Et, s’adressant à madame de Jonquière :

— Si vous saviez comme nous trouvons les heures longues, dans notre beau compartiment de première ! On ne peut pas même travailler à un petit ouvrage, c’est défendu… J’avais prié qu’on me mît avec des malades ; mais toutes les places étaient données, et je vais en être réduite à tâcher de dormir dans mon coin, cette nuit.

Elle riait, elle ajouta :

— N’est-ce pas ? madame Volmar, nous dormirons, puisque la conversation a l’air de vous fatiguer.

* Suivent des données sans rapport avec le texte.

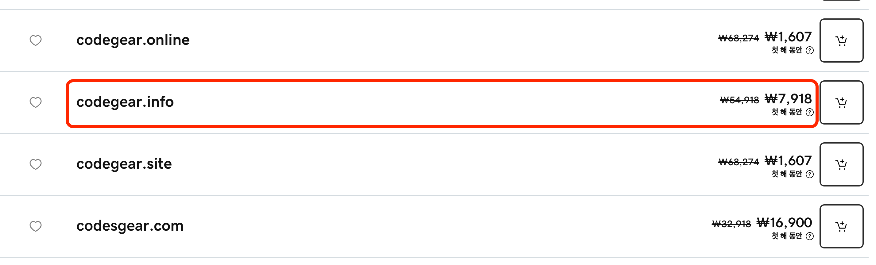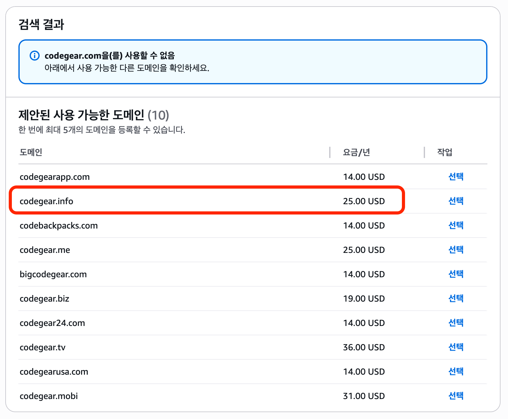 "도메인 이름" 필드에 다른 곳에서 구매한 도메인 이름을 정확하게 입력합니다 (예: codegear.info).
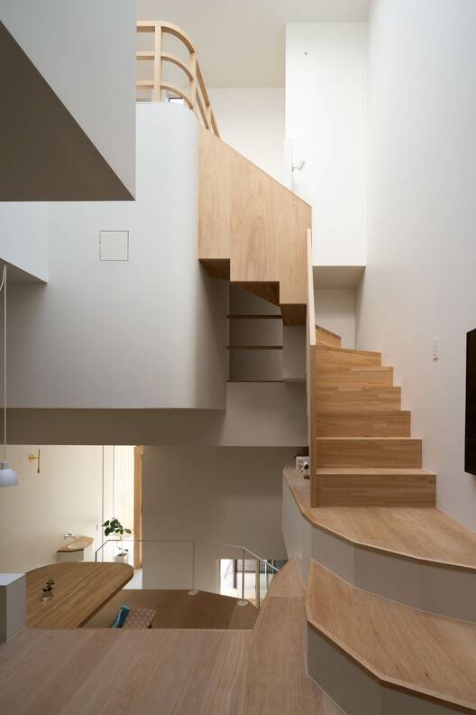 通过与客户的一系列讨论,我们将地形般的不规则配置转化为图纸,最终将其变为现实。我们希望这个空间创造过程将为这个家庭提供从现在开始寻找意想不到的住宿地点的乐趣。
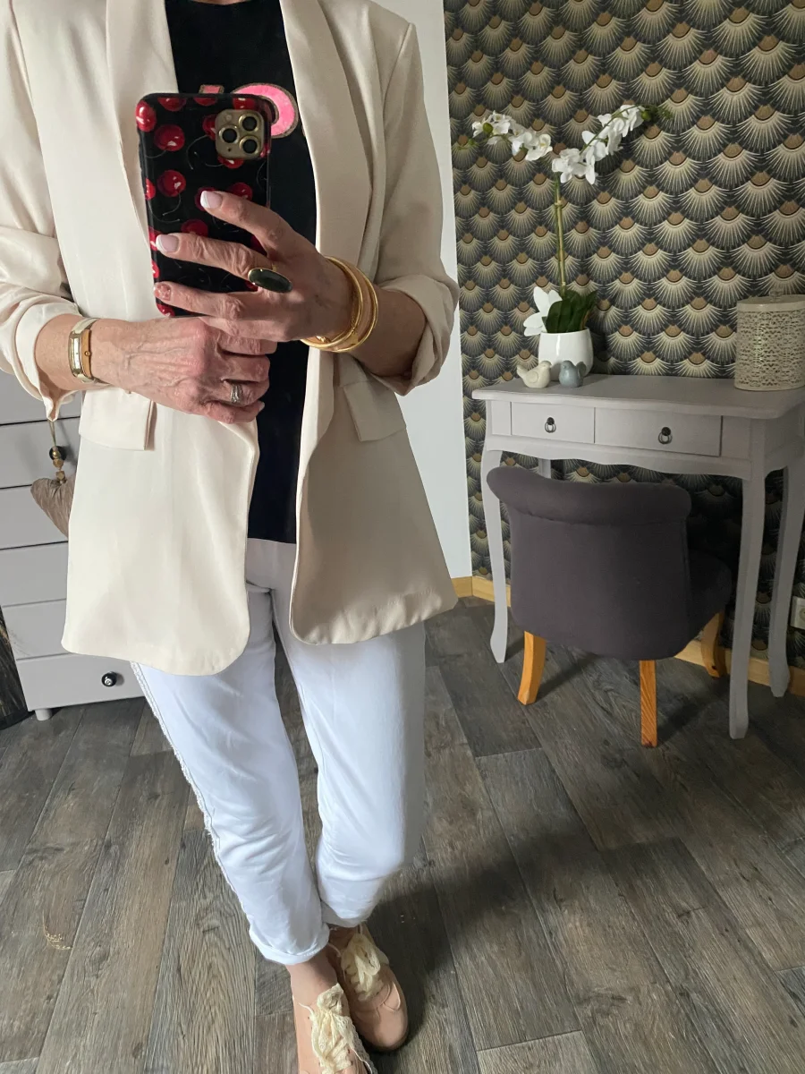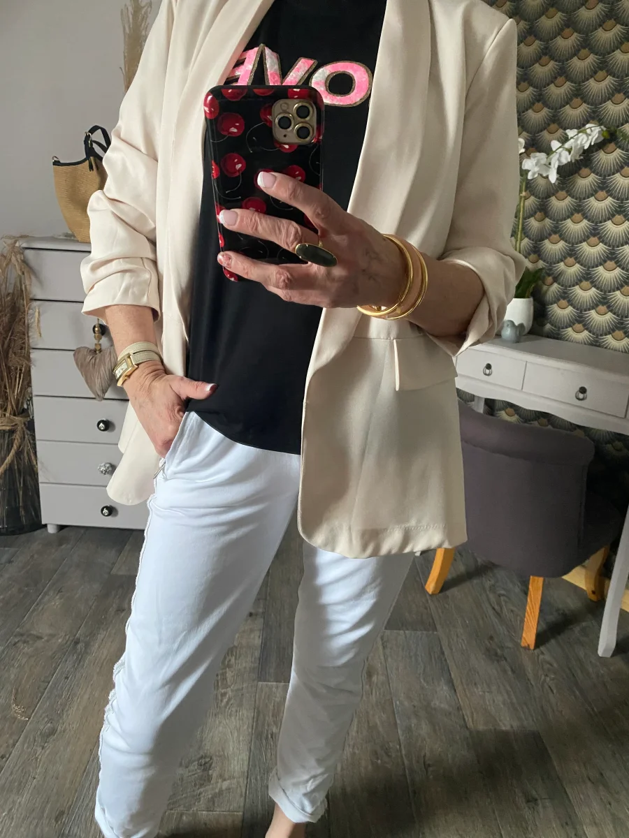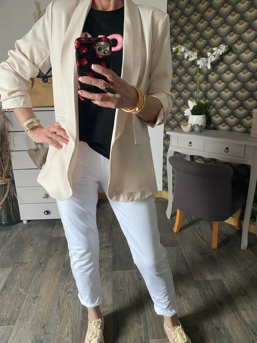 Veste blazer , doublée , manches trois quart , deux fausses poches à l ‘ avant petites épaulettes .
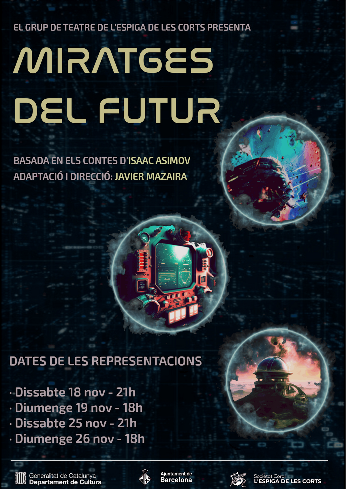 L'Espiga de les Corts presenta una obra de teatre basada en una adaptació de relats d'Isaac Asimov, on intenta posar un mirall a l'espectador, a banda de distreure'l, tal com pretenia l'autor.
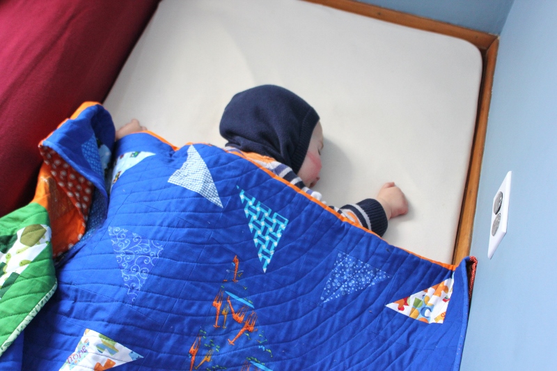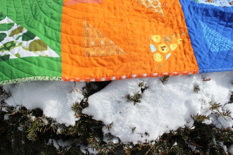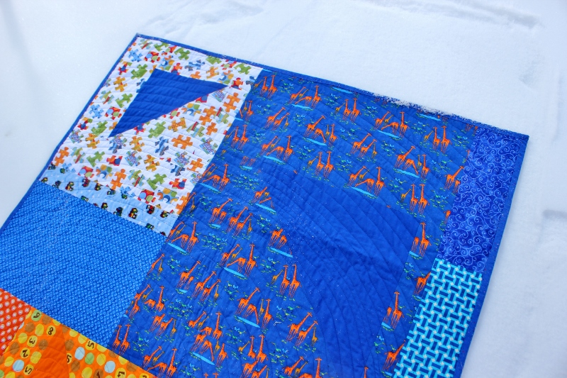 I had the same problem with binding as I did with quilting – what binding color to choose to go with such strong stripes? In the end, I used the same solution as quilting – three colors. I’ve also never done a color-blocked binding before but it was surprising easy. I’m not showing you the other side of the binding, which didn’t end up so perfect. I had to talk myself out of a lot of seam ripping and restitching to fix it (it is, after all, for a one-year-old).
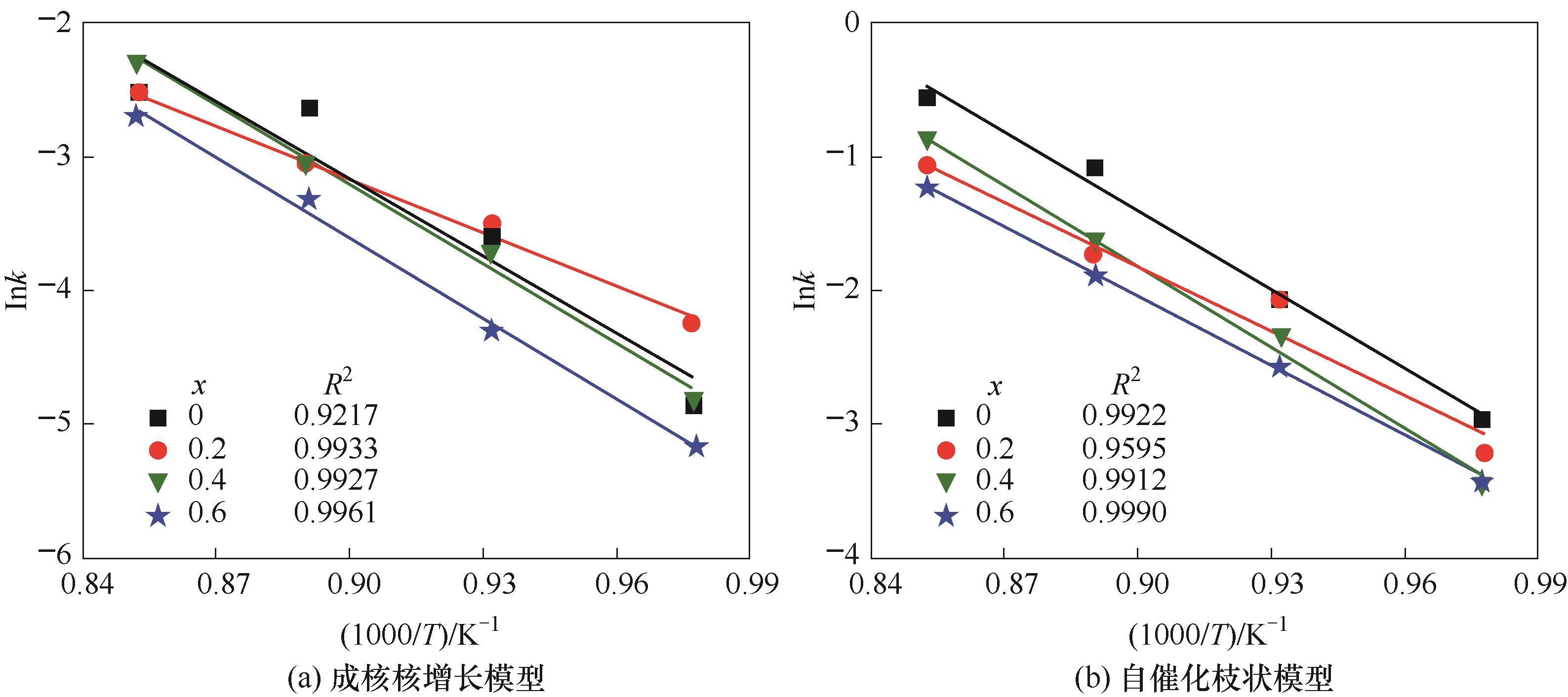 | 活化能/(kJ/mol) | 指前因子/s-1 | 相关系数 | 活化能/(kJ/mol) | 指前因子/s-1 | 相关系数 | |
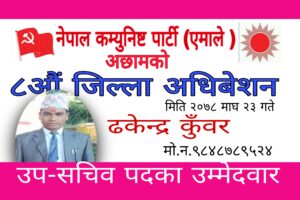 नेपाल कम्युनिस्ट पार्टी (एमाले) जिल्ला कमिटी अछामको ८ औं जिल्ला अधिबेशन यही पौष २३ गते सम्पन्न हुने भएको छ् । जिल्ला अधिबेशनमा युवा नेता ढकेन्द्र कुवरले उप सचिव पदमा आफ्नो उम्मेदवारी घोषणा गर्नुभएको छ ।नेता कुवर लामाे समय देखि नेकपा एमालेकाे सिपाईभई २०४६ सालकाे जनअान्दाेल संगै २०४८सालकाे अनेरास्ववियु प्रारम्भिक कमिटिकाे
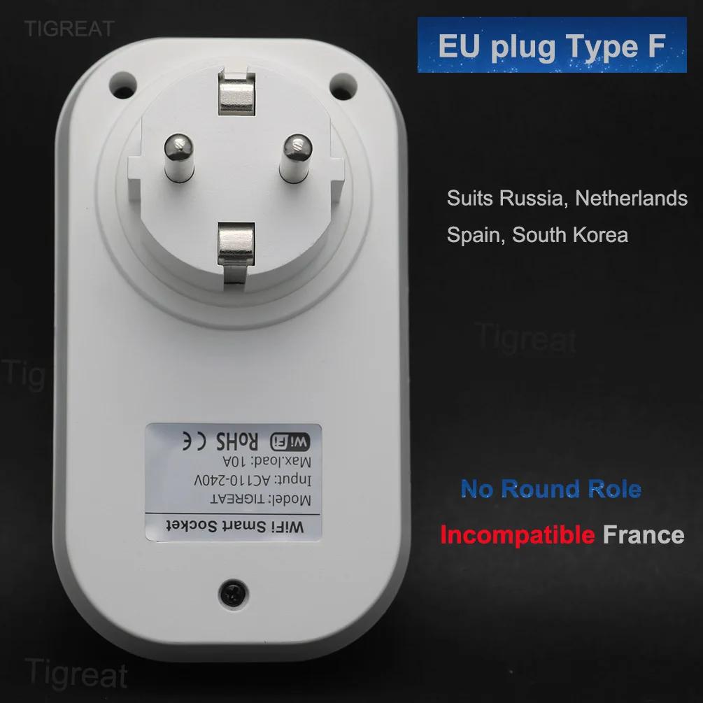 Эта ШТЕПСЕЛЬНАЯ Розетка wifi типа F не имеет круглого отверстия. Может использоваться в Испании, Южной Корее, России и так далее.

Celle-ci, qui devait avoir dépassé la trentaine, très brune, avec un visage long, les traits fins et tirés, avait des yeux larges, magnifiques, des brasiers sur lesquels, par moments, passait, comme un voile, une moire qui semblait les éteindre. Elle n’était point belle au premier coup d’œil ; et, à mesure qu’on la regardait, elle devenait troublante, conquérante, désirable jusqu’à la passion et à l’inquiétude. D’ailleurs, elle s’efforçait de disparaître, très modeste, s’effaçant, s’éteignant, toujours en noir et sans un bijou, bien qu’elle fût la femme d’un marchand de diamants et de perles.

— Oh ! moi, murmura-t-elle, pourvu qu’on ne me bouscule pas trop, je suis contente.

En effet, elle était allée déjà deux fois à Lourdes, comme dame auxiliaire, et pourtant on ne la voyait guère là-bas, à l’Hôpital de Notre-Dame des Douleurs, prise d’une telle fatigue, dès son arrivée, qu’elle se trouvait, disait-elle, forcée de garder la chambre.